# The Copenhagen Chemometrics Group

## 10 APPLICATIONS OF THE TUCKER3 MODEL

**Contents**

By C. A. Andersson

- Model dimensionality
- Constrained vs. unconstrained models
- Residual matrices
- Core rotation
- Theoretical question
- Three-way tucker regression
- Two-segment validation of component models
- Two-segment validation of regression models

Data dataset1.mat contains fluorescence excitation emission data of thick juice.

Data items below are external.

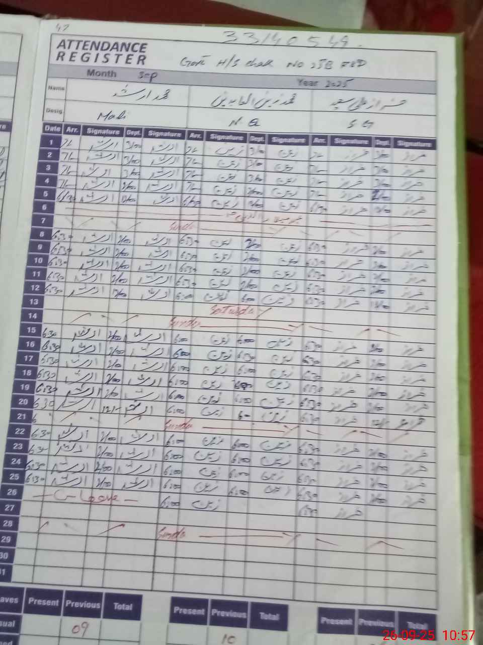 | CNIC | Full Name | Designation | R/C | Absence during last cal. month |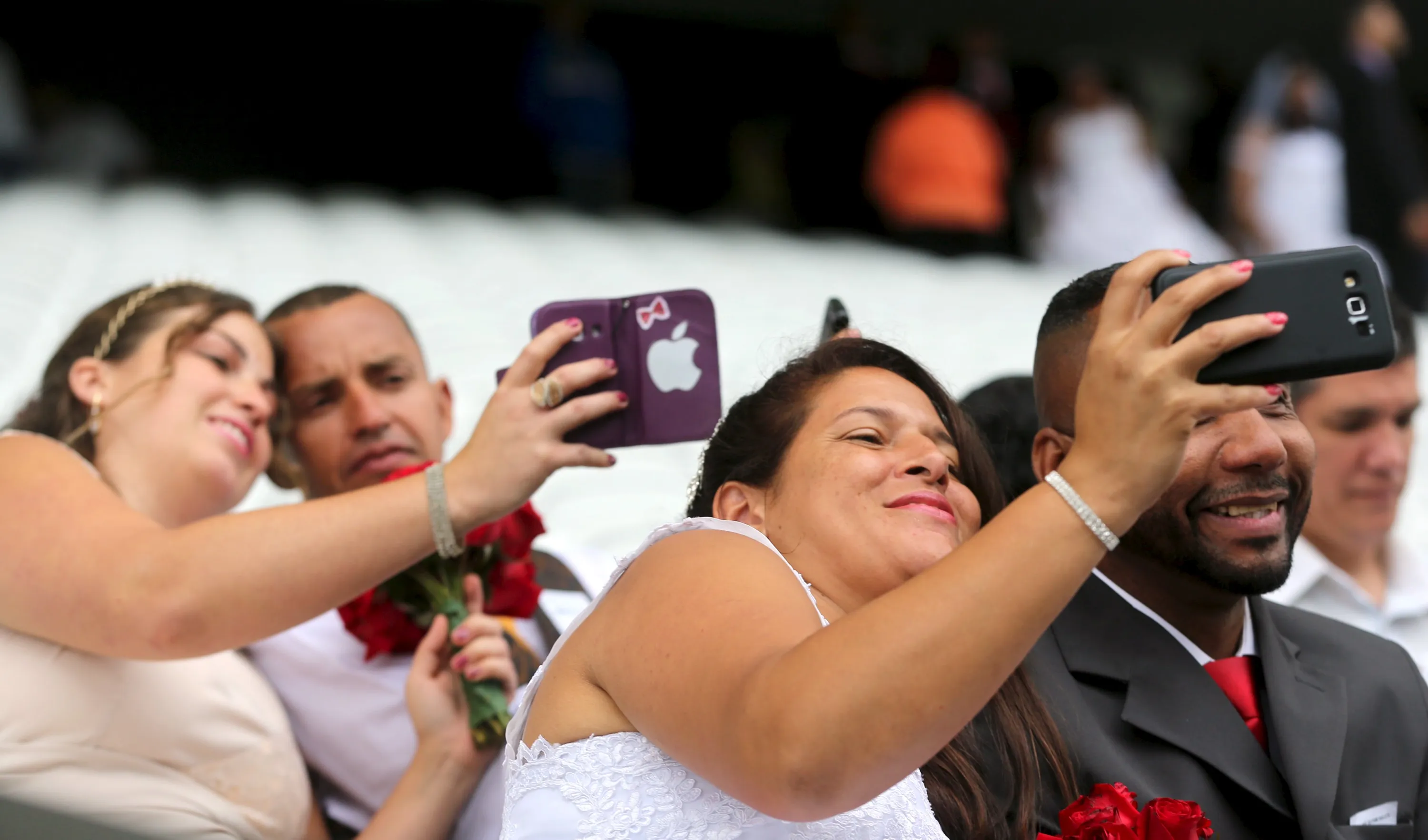 Couples take selfies during a mass wedding ceremony at Arena Corinthians soccer stadium in Sao Paulo, Brazil, September 26, 2015. (Photo by Paulo Whitaker/Reuters)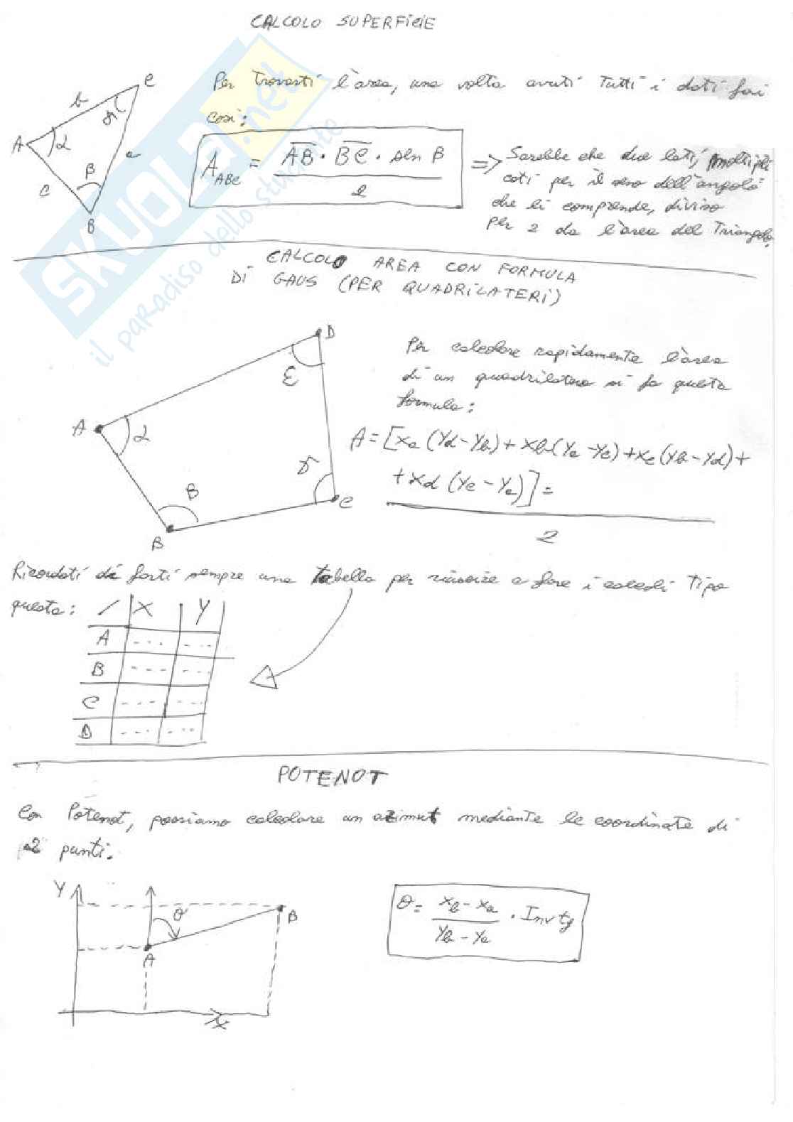 Per quanto riguarda la topografia è possibile presentare delle illustrazioni grafiche del calcolo delle superfici di varie figure geometriche. La prima formula è quella inerente i triangoli qualsiasi. La seconda è la formula di Gaus che serve per calcolare la superficie di un quadrilatero. Infine viene anche spiegata in maniera chiara anche la formula del teorema di Potenot per calcolare un azimut.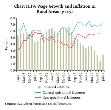 Following the monsoon and the pickup in agricultural activity, demand for agricultural labourers remained strong in 2017-18. This was reflected in a modest increase in the rate of wage growth for rural agricultural labourers, a key determinant of farm costs (Chart II.19). In the organised sector, the decline in growth of unit employee costs in listed private sector companies in manufacturing during 2016-17 reversed to register an uptick in Q1:2017-18. However, unit employee costs for companies in the services sector continued to decline in a pattern that has set in since Q2:2016-17.13 Unit labour costs14 in the manufacturing sector continued to rise as staff cost growth outpaced the growth in value of production.15 The growth in the ratio of staff costs to value of production in the manufacturing sector accelerated modestly in the first quarter of 2017-1816 after declining for the last two quarters of 2016-17 (Chart II.20). The value of production for manufacturing companies declined (probably due to de-stocking undertaken by the companies with respect to pre-GST sales) and staff costs rose marginally.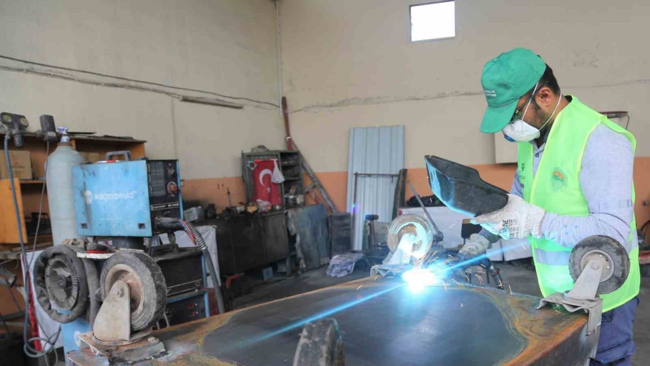 Mersin’in merkez Toroslar ilçe Belediyesi, deforme olmuş çöp konteynerlerini tamir ederek, yeniden hizmete sunuyor.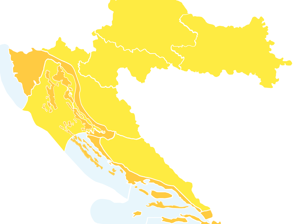 Žuto upozorenje je zbog toplinskog vala izdano za zagrebačku, osječku, karlovačku, gospićku i kninsku regiju. Za Kvarner i Kvarnerić te Velebitski kanal je također izdano žuto upozorenje, ali zbog vjetra.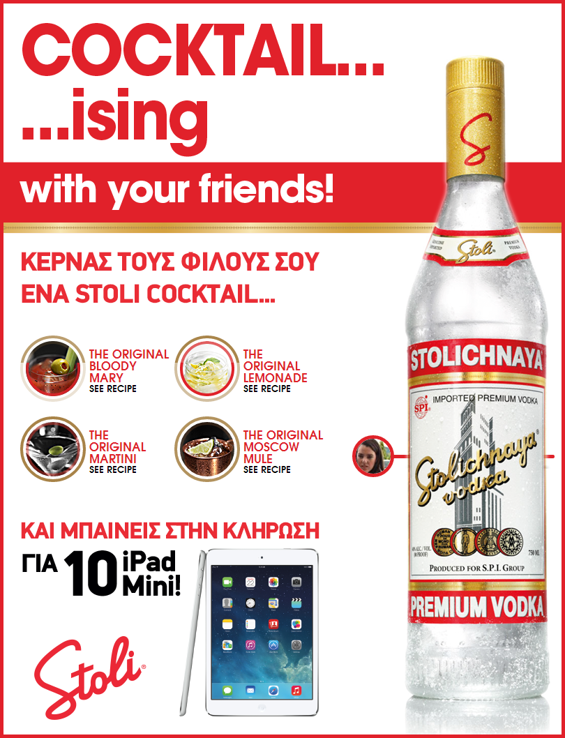 Business and pleasure! Μέχρι τις 23 Ιουνίου, μπορείτε να μπείτε στην ιστοσελίδα της Stoli στο facebook να κεράσετε τους φίλους σας και ταυτόχρονα να μπείτε στην κλήρωση για να κερδίσετε 1 από τα 10 ipad mini.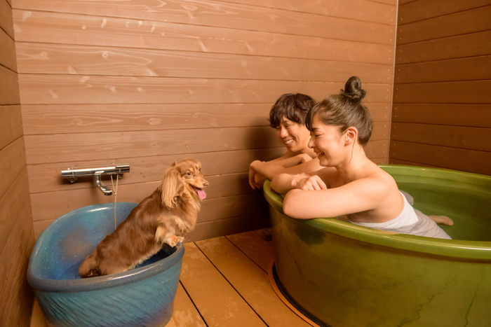 湯治の名湯に、わんちゃんと泊まれる温泉宿です。屋内ドッグランやセルフグルーミングコーナーなど、わんちゃんが喜ぶコンテンツをご用意し、お食事も寝る時も、愛犬と特別な時間を過ごせます。わんわんラウンジでは、チェックイン時や湯上りどきなどに自由に利用できる無料のドリンクをお楽しみいただけます。客室はわんちゃんに優しいお部屋にリニューアル。また、温泉では内湯と露天風呂のどちらも楽しめる贅沢な貸切風呂に、わんちゃん用の可愛らしいお風呂もご用意。愛犬と一緒にプライベート空間で温泉を楽しむことができます。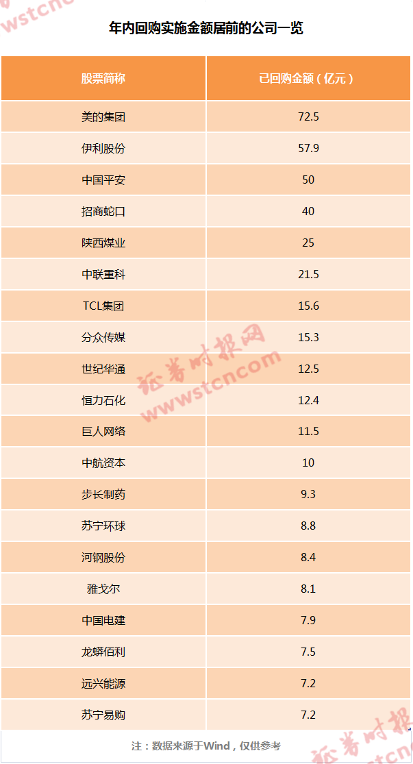 除美的集团和伊利股份外,中国平安、招商蛇口、陕西煤业、中联重科、TCL集团、分众传媒、世纪华通、恒力石化年内回购实施金额也居于前列。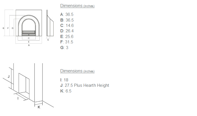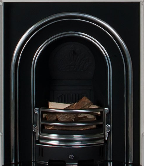 The Monarch arched fireplace is a cast that was formed on two fireplaces the look of the Jubilee with the sizes of the Coronet, made by our suppliers for us to be used in smaller mantels where space is restricted. it works really well all the style in a compact size.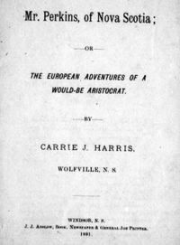 Même si elle n’est pas aussi connue que ses contemporaines, les romancières canadiennes Alice Jones* ou Sara Jeannette Duncan*, Carrie Jenkins Harris leur ressemble par l’origine locale de ses personnages implantés dans un décor international. Dans Mr. Perkins, elle fait ressortir l’aspect comique des prétentions de la famille Perkins à l’ascension sociale et oppose le personnage du jeune Tom Perkins à l’indifférence égoïste de l’aristocratie britannique et au maquignonnage d’escrocs de Londres et de Paris quand il entreprend le tour de l’Europe destiné à parfaire son éducation. Comme dans les cinq romans de Mlle Harris, le dénouement de l’intrigue de Mr. Perlons repose trop sur des coïncidences, mais le roman renferme néanmoins des commentaires mordants sur la prétention et met en scène des personnages originaux qui donnent de la vie au texte. L’Acadian de Wolfville le trouva « extrêmement bien écrit » et jugea qu’il faisait « le plus grand honneur au talent de l’auteure ». Toutefois, le journal fut moins enthousiaste pour Mr. Perkins dans sa critique de A romantic romance, publié en 1893, et déclara que le raffinement « de l’invention » et l’envergure de ce roman manquaient au premier. Avec Grand-Pré comme point de départ, à l’instar de A modern Evangeline qui parut en 1896, A romantic romance s’articule autour d’une fausse lettre et d’un malentendu entre deux amoureux qui serviront d’éléments catalyseurs à une idylle contrariée. Tels les héros de A modern Evangeline, des Néo-Écossais s’aventurent dans les grandes villes de New York et de Boston afin de poursuivre leurs études et leur carrière, et comme dans tous ses romans populaires, l’auteure ajoute sa touche moralisatrice : « Sois prudente, ma chère Eva. Si les vieilles braises se rallument rapidement, prends garde, dans ton cas, qu’elles ne s’enflamment subitement et n’enveloppent le bonheur de ta vie dans une redoutable conflagration. Pendant que tu prépares les pierres de la vengeance à jeter à ton amant d’autrefois, assure-toi d’être assez forte pour les lancer d’une main ferme, sinon elles peuvent rebondir et détruire ton propre cœur aimant. »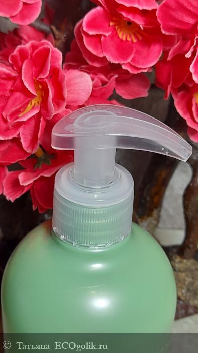 Для удобства использования увесистый флакон оснащен помповым дозатором.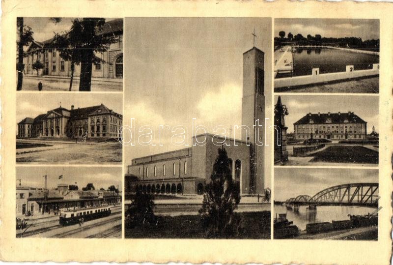Komárom, Komárno; mozaiklap, vasútállomás, templom, híd, strand / mult... https://www.darabanth.com/de/349-Fernauktion/349.0/Ansichtskarten/Slowakei~2000007/Komarom-Komarno-mozaiklap-vasutallomas-templom-hid-strand-multi-view-postcard-with-rai~II1885546

PurposeLearning to do analysis of real data with the Tucker model. Information R. Henrion N-way principal component analysis theory, algorithms and applications. Chemom.Intell.Lab.Syst. 25:1-23, 1994PrerequisitesAs for chapter 8 |

**We will use Tucker3 modeling to investigate a data set**

from spectrofluorometric analysis of *thick juice*, see Andersson et al. (*Analysis of N-dimensional data arrays from fluorescence spectroscopy on an intermediary sugar product. Fresenius J.Anal.Chem. 359 (2):138-142, 1997*) for more details on this. **Thick juice**

is an intermediary product from the production of white crystalline sugar. The dimensions of the array is (28,20,311). The first mode is fraction number (or elution time), the second mode is the excitation wavelength (250 nm – 440 nm) and the third mode is the emission wavelength (250 nm – 560 nm). Start by loading the data set.

**Load dataset1** and inspect fluorescence landscapes of the 28 fractions.

Look for features/patterns in the modes that could be exploited.

### 1. Model dimensionality

**Explore all possible/valid dimensionalities** ** w** = (1,1,1), (2,2,1),…,(4,4,4) to find the optimal dimensionality of the model of

**X**.

**You can do it a slow way and a much slower way!**

Remember that the max. number of factors to extract cannot be higher than the product of the two lower. Let the computer do it in an automated way.

### 2. Constrained vs. unconstrained models

**Using the dimensionality previously found**

Estimate an orthogonal as well as an unconstrained model. **Investigate and explore both models thoroughly. **

Argument in an exact manner for your findings and include comments on the differences between the two solutions.

Hint me

### 3. Residual matrices

**Plot the residual matrices/landscape**

comment on the distribution of the error over the samples.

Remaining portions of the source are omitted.